For me one of the most exhilarating elements of any major gay event at the former Showground is the excitement and anticipation as we all traipse from Taylor Square, down Anzac Parade or Greens Road, past the barracks and across the grass of Moore Park.
It’s a denim, leather, sequin, feather and largely scantily-clad convoy of GLBTQs in various states of undress and gorgeousness, strangely reminiscent of some epic film depicting crowds of freshly freed slaves crossing a border to claim their 40 acres and a mule, or wandering Jews joyously finding their way to a promised land; clenched buttocks, fake tan and sucked-in abdominals worthy of any Cecil B. de Mille extra – pockets full of pills a major yet politely overlooked detail.
And for a now-responsible late thritysomething who spent much of his twenties in a drug-fucked haze, it is always a trip down memory lane. However, during Mardi Gras 2007 the trip triggered a deliberately suppressed memory.
With an almost decade-old career-crushing drug conviction lurking in my addled mind, it was with abject horror that I received the dreaded text message wiring itself along the caravan of party-goers alerting us to the presence of sniffer dogs at the only entrance to the event.

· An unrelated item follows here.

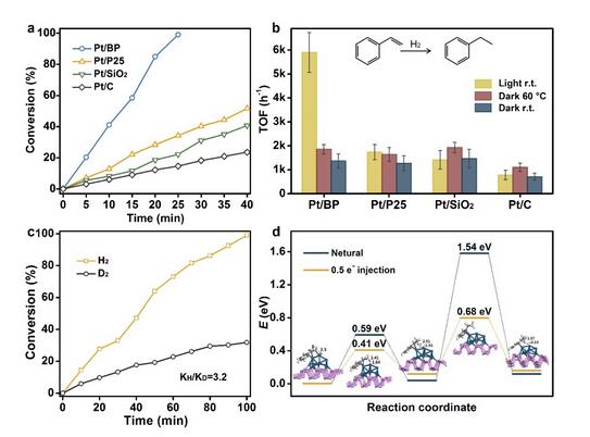 (a) 不同催化劑光催化苯乙烯加氫性能轉化率對比;(b) 黑磷/鉑光催化和熱驅動苯乙烯加氫性能轉化率對比;(c) 黑磷/鉑在苯乙烯加氫中觀察到的主要同位素效應;(d) 光電子對苯乙烯加氫能壘變化影響

Shock, anger and disbelief – the usual responses to unpleasant news. Accompanied by tales of police brutality, political conspiracies and exaggeration.
Everywhere there were hands darting down socks and undies in the belief that designer fabrics were somehow impervious to the canine olfactory sense. Seems the belief was not misplaced, as the only toxin the dogs seemed to pick up on was fear.
Seasoned queens in Calvins jam-packed with goodies sailed past the feverish dogs, while nervous fag hags in Supre frocks were hauled across the pavement, their night (and perhaps their lives) ruined by two tablets and an enthusiastic labrador.
My cool-as-a-cucumber friends held their heads high, as I held onto the waistbands of their G-Star jeans in a vain attempt to steady my shaking hands. No amount of reassurances assuaging my panic that I would be next in the police line-up.
So as I turned my ashen face to the left and espied a burly policeperson of indeterminate gender in an industrial blue boiler suit heading straight toward me with a chop-licking pup in tow, it was all too much for this highly strung faggot, who abandoned his friends in favour of a nearby wheelie bin, wherein I cast my six $35 a pop ecstasies with mixed emotions of sorrow, resentment and relief. And although relieved of one burden, upon entry to the party I was saddled with another – that of scoring again, or, God forbid, having a fabulous drug-free Mardi Gras party experience.
’Twas a short-lived burden, however, as once inside the gates, all those hands were again darting down the socks and undies, illicit substances a plenty being proffered (for profit).
And as I forked out yet more cash in the name of a liberating experience I considered the oppression of our people, the token gestures of our forces, whether they came under state or federal jurisdiction, and wondered where Clover was when we needed her most.